→ **Your goal**
Reproduce all the lines below exactly and omit the images.

Extracted data entries
■ ■ ■ ■ ■ ■ ■
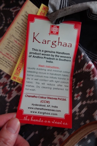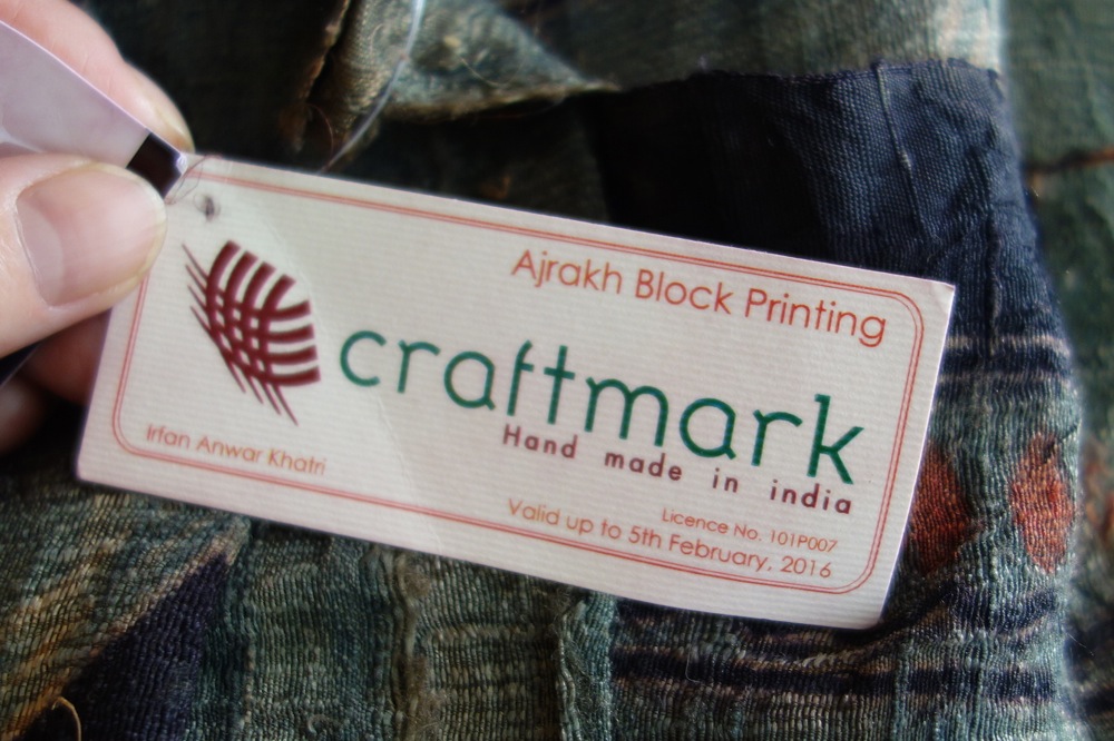 手づくりであることを保証するクラフトマークもついている。こうして、インドの伝統的な手工芸は、静かに保護されていると思うと、廃れつつあるとはいえ、少し安心する。
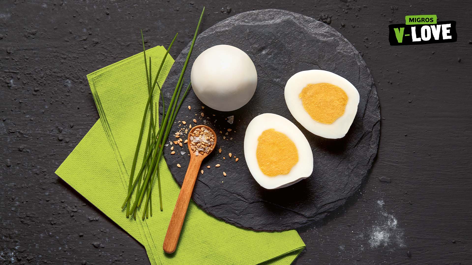 Die V-Love Marke der Migros hat neu ein hartgekochtes Ei aus Pflanzen im Angebot. Es ist weltweit das erste solche Produkt, wie die Migros am Freitag mitteilte.
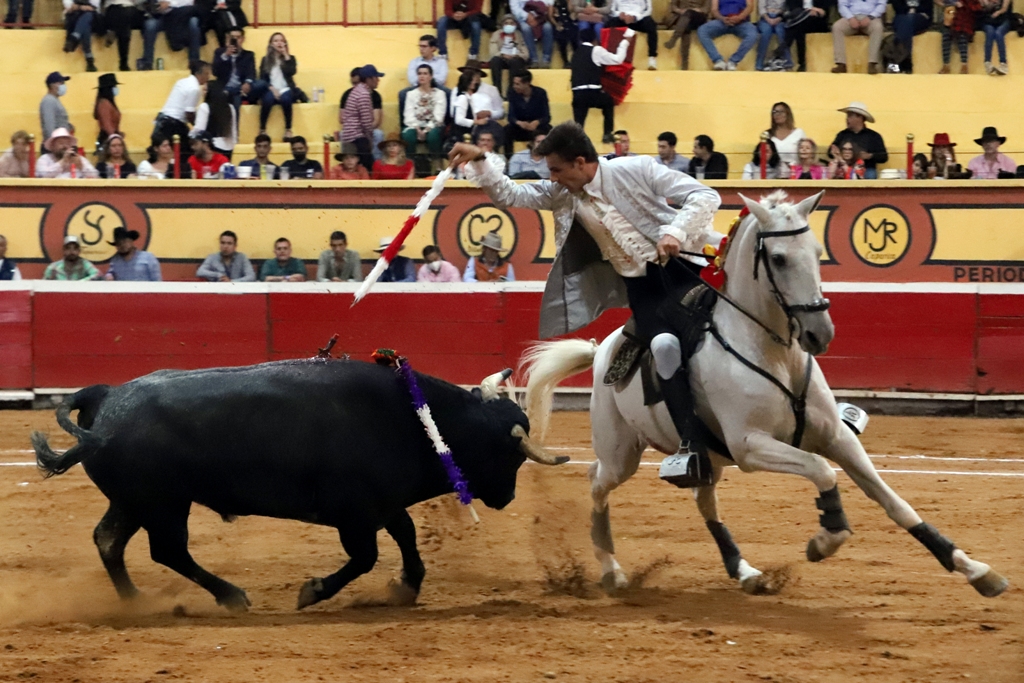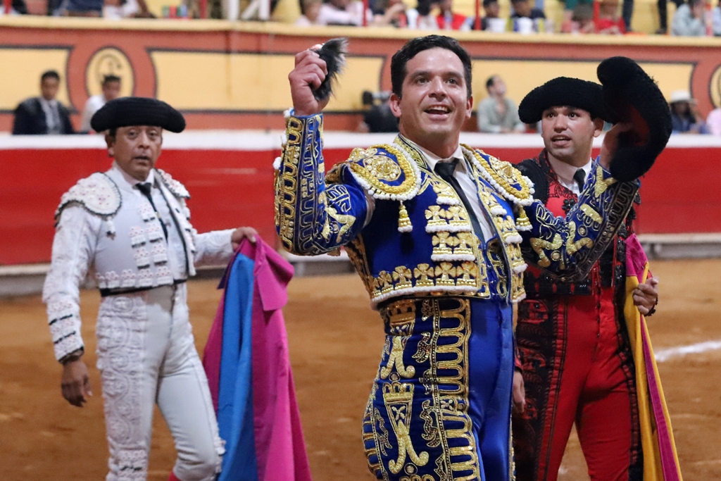 Ovación en el tercio tras aviso, acompañado del cara de los Forcados Amadores de México, Hiram Gallardo, tras espectacular pega.
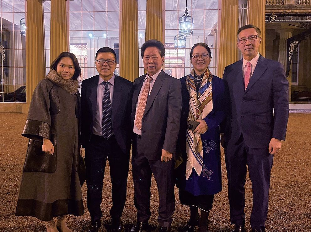 伦敦华埠商会主席邓柱廷OBE(中)携商会发言人李汉基(右一)、秘书长黄萍(右二)、副会长曾百明(左二)、执委林忆筠(左一)出席了招待会。本文图片除注明外均由欧洲时报记者严振羽摄
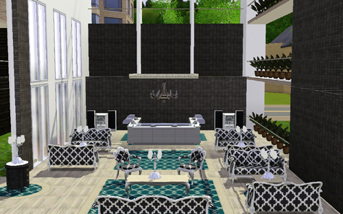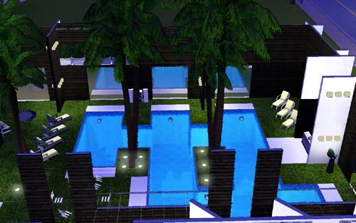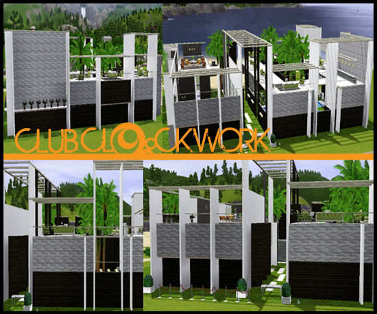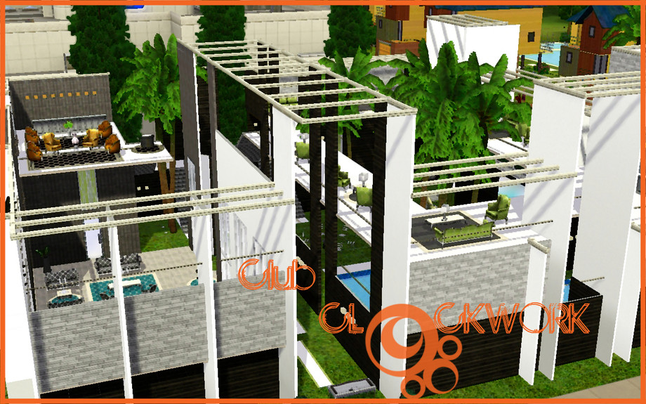 themed bars on three different levels, the Ice Bar on the ground floor serves beautiful chilled cocktails all night long, Deck Bar suspended on the second floor overlooking the pool is the perfect place for your sims to meet friends with sweeping views not only of the ocean but also the pool below, and Clockwork VIP bar located on the top floor overlooking the entire nightclub is for only the most beautiful and popular sims! Club Clockwork never closes! You can enjoy the tropical pool on the ground floor with drinks served to you whilst you tan on the lounges provided!
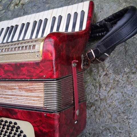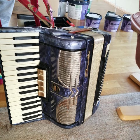 Gammel trekkspillkasse følger med.
■ ■ ■ ■ ■ ■ ■
→ **Written answer**
 手づくりであることを保証するクラフトマークもついている。こうして、インドの伝統的な手工芸は、静かに保護されていると思うと、廃れつつあるとはいえ、少し安心する。
 Die V-Love Marke der Migros hat neu ein hartgekochtes Ei aus Pflanzen im Angebot. Es ist weltweit das erste solche Produkt, wie die Migros am Freitag mitteilte.
 Ovación en el tercio tras aviso, acompañado del cara de los Forcados Amadores de México, Hiram Gallardo, tras espectacular pega.
 伦敦华埠商会主席邓柱廷OBE(中)携商会发言人李汉基(右一)、秘书长黄萍(右二)、副会长曾百明(左二)、执委林忆筠(左一)出席了招待会。本文图片除注明外均由欧洲时报记者严振羽摄
 themed bars on three different levels, the Ice Bar on the ground floor serves beautiful chilled cocktails all night long, Deck Bar suspended on the second floor overlooking the pool is the perfect place for your sims to meet friends with sweeping views not only of the ocean but also the pool below, and Clockwork VIP bar located on the top floor overlooking the entire nightclub is for only the most beautiful and popular sims! Club Clockwork never closes! You can enjoy the tropical pool on the ground floor with drinks served to you whilst you tan on the lounges provided!
 Gammel trekkspillkasse følger med.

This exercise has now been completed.